A clinic lifer: Daniel Becker ’09
As a 2L, Daniel Becker was on the first team of Wrongful Convictions Clinic students to work on the innocence claim of Quincy Amerson, who was serving life without parole for the 1999 murder of a 7-year-old Harnett County, N.C., girl. Tasked with reinvestigating the case, the first step in proving a post-conviction claim of innocence, Becker recalls going to the courthouse with his teammates to review and photograph the evidence used at Amerson’s trial. He spent two more semesters involved with the case, and in the 12 years since, Becker, now assistant counsel at KPMG in Washington, D.C., has stayed engaged as the claim moves forward.
“After graduation I started working at a large New York law firm that encouraged associates to find a pro bono endeavor they were passionate about. I was able to continue working with the clinic as my primary pro bono endeavor for the almost 10 years I was with that firm. I would check in with Professor Coleman periodically to see if and how I could help, and whenever I traveled back to Duke I always tried to meet with him or Professor Newman. A number of years later, he told me the clinic was ready to start putting together a draft Motion for Appropriate Relief based on the wonderful work that all the successive teams of students had done up to that point, and I was fortunately able to help draft that motion. Since then, I’ve left BigLaw and joined KPMG as assistant counsel, where I advise on internal compliance matters, and KPMG has similarly allowed me to continue working on Quincy’s case as needed. It has been a privilege to stay involved in this case beyond my time at Duke.”

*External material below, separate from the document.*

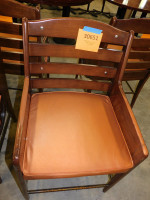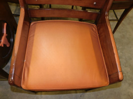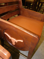Wooden captain chairs with wooden seat back, longhorn logo marked on sides, soft orange seat cushion with wear and tear

Directly connecting clinic experience with post-grad practice: Changlan (Lucy) Xu ’19
By the time she enrolled in the First Amendment Clinic as a 3L, Lucy Xu knew she would be starting her career as a litigator at Cahill Gordon & Reindel in New York City, a firm known for expertise in that field. “I knew the experience would help inform my practice,” says Xu, noting her eagerness to apply what she had learned in her doctrinal classes “to defend the free speech of real people and media outlets.”

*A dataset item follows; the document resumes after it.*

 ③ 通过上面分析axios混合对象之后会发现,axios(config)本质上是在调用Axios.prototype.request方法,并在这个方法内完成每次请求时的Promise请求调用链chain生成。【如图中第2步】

“The experience of drafting deposition questions, affidavits, and a summary judgment motion has supplied a framework in understanding how each of my assignments represents a different litigation strategy. It is also the experience I draw upon for any First Amendment assignments. One day, a partner called me to help develop legal arguments in defending a potential news media client in a defamation action. I drew upon the legal principles I learned from the defamation case I worked on at the clinic, expanded upon them with research, and conveyed how I believed they would apply to facts of this potential client’s case.”